Importance of EV Battery Thermal Energy System
Future battery models in electric vehicles are anticipated to reach even bigger battery capacities, which may result in the battery heating up dramatically. Currently available electric vehicles include the most recent technology with the potential of quick charging. Due to the closely packed electric charges in today’s newly created lithium-ion batteries, they are also vulnerable to quick heating.
Furthermore, the lithium-ion battery life cycle is shortened, and the danger of thermal runaway in batteries increases when temperatures rise because of heat dissipation.
As cooling during charging improves the efficiency of charge transfer and lessens battery deterioration, it is crucial to have an effective cooling system to regulate battery temperature during fast charging and high current density batteries.
Hence, new battery housing designs, coolants, immersion-cooled batteries, and thermal interface materials are being developed as part of the development of improved battery thermal management systems.
Advancements in Battery Thermal Management Technology
There are three main cooling technologies that use advanced electronic materials for the development of BMT systems. These technologies are discussed in detail as follows:
1. Air Cooling and Heating Technology: Due to its commercial availability, reduced cost, and simplicity of use, air cooling and heating technology is one of the most used technologies. In this mechanism, a fan, a few inlets, and outlets from which air enters and departs the system make up the air conditioning and heating setup.

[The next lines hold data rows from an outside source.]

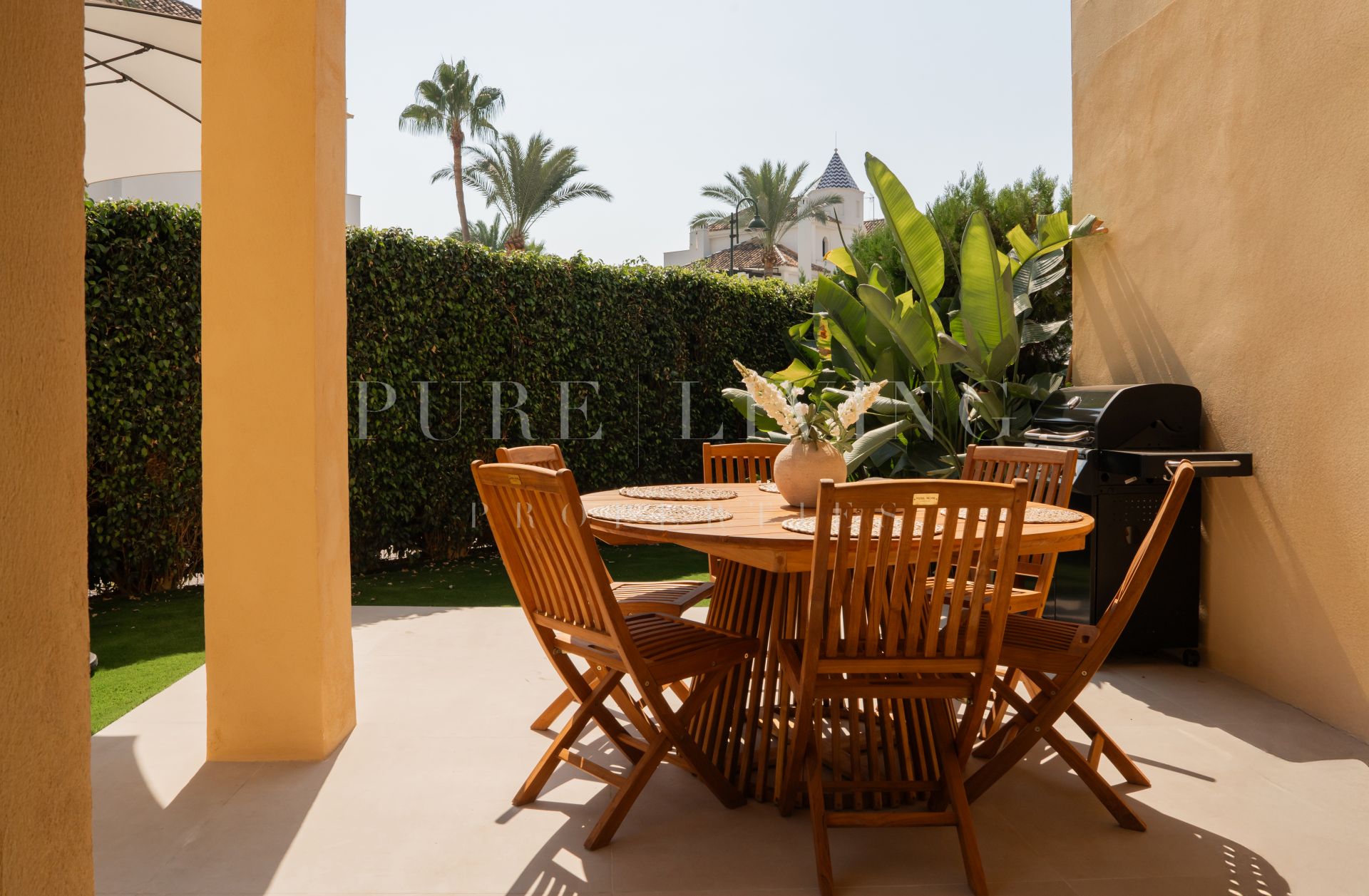 The outdoor areas elevate the lifestyle further: a private pool, lush garden, and both covered and open terraces with a dedicated barbecue space create the perfect setting for relaxation or entertaining in total privacy. An automatic irrigation system keeps the garden flourishing year-round, and the gated community ensures both security and tranquillity.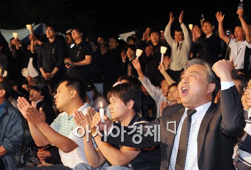 故 노무현 전 대통령 영결식을 앞둔 29일 새벽 경남 김해시 진영읍 봉하마을에서 조문객들이 盧 전 대통령이 생전 즐겨 부르던 양희은의 상록수를 부르고 있다.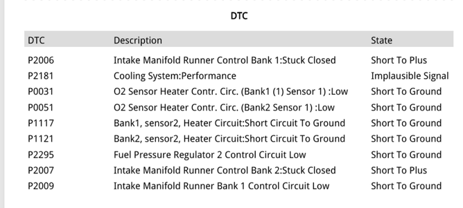 With several different components showing shorts to ground in our scan report, it is likely we have a failing power supply. The test for this theory would be to look at a wiring diagram and see if any of the components showing fault codes share a common power supply
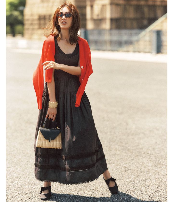 キャップ¥8,250(ザ シンゾーン/シンゾーン ルミネ有楽町店)肩に巻いたカーディガン¥14,300(セルフォード/セルフォード ルミネ新宿2店)ワンピース¥24,200(メゾンスペシャル/メゾンスペシャル 青山店)タンクトップ¥13,200(ティッカ)バッグ¥145,200(ピエール アルディ/ピエール アルディ 東京)サンダル¥17,600(メリッサ/メリッサ シューズ ジャパン)ピアス¥8,800(ゴールデン モンステラ/H 3Oファッションビュロー)ブレスレット¥25,300(ワンエーアールバイウノアエレ/ウノアエレ ジャパン)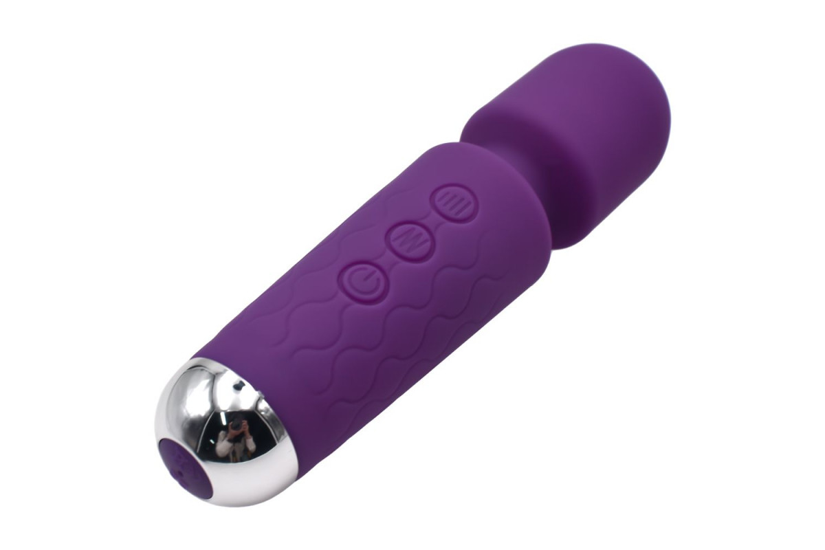 Фиолетовый перезаряжаемый мини-wand вибратор — компактное удовольствие для взрослых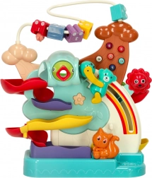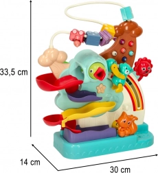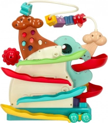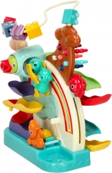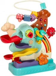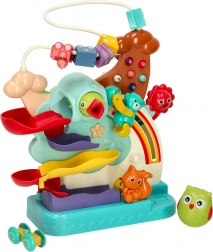 Heldere kleuren en de vloeiende beweging van de knikkers versterken de visuele waarneming, terwijl de bediening van de elementen de fijne motoriek verfijnt. Tegelijkertijd maakt het kind op speelse wijze kennis met cijfers en leert het causale verbanden begrijpen.

Airflow is employed to cool down the series-connected batteries by absorbing the heat they emit, and hot air is then discharged from another vent as soon as the air enters through the inlets. Most of the air drives the entire system.
2. Liquid Cooling and Heating Technology: Liquid cooling is a popular method for traction drives and inverters’ thermal management. Due to its higher heat capacity and capacity to control fluid flow to suit the need for heat removal, using a liquid coolant to remove waste heat may be more efficient than the air cooling method.

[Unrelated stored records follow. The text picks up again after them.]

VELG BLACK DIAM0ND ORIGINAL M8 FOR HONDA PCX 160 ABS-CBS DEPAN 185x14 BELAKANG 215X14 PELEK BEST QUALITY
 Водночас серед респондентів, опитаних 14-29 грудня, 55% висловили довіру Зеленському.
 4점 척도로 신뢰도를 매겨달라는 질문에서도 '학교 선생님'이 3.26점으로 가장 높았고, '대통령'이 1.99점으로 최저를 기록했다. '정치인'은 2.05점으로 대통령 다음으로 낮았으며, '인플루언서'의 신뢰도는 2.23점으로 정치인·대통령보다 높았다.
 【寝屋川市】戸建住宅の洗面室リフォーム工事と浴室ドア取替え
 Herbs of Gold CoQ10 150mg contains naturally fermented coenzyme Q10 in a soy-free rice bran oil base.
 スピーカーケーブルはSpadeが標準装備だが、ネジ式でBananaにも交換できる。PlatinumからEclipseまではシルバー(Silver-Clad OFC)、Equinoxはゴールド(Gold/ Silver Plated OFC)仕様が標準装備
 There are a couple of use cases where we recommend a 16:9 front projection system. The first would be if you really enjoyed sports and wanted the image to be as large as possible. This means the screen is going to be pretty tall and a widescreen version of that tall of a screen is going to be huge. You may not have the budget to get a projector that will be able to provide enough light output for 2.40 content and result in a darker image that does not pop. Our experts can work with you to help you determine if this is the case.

The liquid cooling process has two different configurations. First, a direct liquid or dielectric liquid cooling, such as mineral oil, can come into direct contact with the battery cells. The other type of liquid is direct liquid or indirect-contact liquid, which can contact the battery cells by implication, such as a combination of water and ethylene glycol.

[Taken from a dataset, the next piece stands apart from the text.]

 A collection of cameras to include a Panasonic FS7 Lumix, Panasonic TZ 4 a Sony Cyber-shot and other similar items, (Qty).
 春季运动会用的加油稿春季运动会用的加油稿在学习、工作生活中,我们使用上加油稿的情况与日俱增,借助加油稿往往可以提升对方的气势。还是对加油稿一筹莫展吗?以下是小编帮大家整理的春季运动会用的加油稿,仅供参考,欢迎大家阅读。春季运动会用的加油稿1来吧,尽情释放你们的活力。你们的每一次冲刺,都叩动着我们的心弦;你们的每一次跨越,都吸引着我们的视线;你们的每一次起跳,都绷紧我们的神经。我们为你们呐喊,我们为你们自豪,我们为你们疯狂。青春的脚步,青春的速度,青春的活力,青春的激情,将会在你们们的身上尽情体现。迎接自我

Between the two, indirect contact frameworks are preferred because they can better contain environmental variables from the battery module, which leads to the superior performance of EVs.
3. Refrigerant Cooling and Heating Technology: A refrigerant system that uses a refrigerant directly as a heat transfer fluid and circulates it throughout the battery pack makes up the refrigerant-based battery thermal management system. Automotive battery systems today use the most cutting-edge thermal management techniques for refrigerant batteries.
Thermal plates are frequently used in refrigerant-based cooling and heating systems to deliver heating or cooling. As the temperature remains nearly constant during phase change for low-pressure decreases, the phase change of the refrigerant in the thermal plate gives excellent heat transfer coefficients and homogenous cell temperatures. However, for water condensation to avoid damaging the thermal plate under high humidity levels, the thermal plate and tubing must be able to withstand higher system pressure.
Conclusion
The purpose of developing an efficient battery thermal management system using advanced technologies is to remove the heat dissipated from the battery due to the electrochemical process, resulting in reducing the battery thermal runaway and increasing the battery life while ensuring personal safety.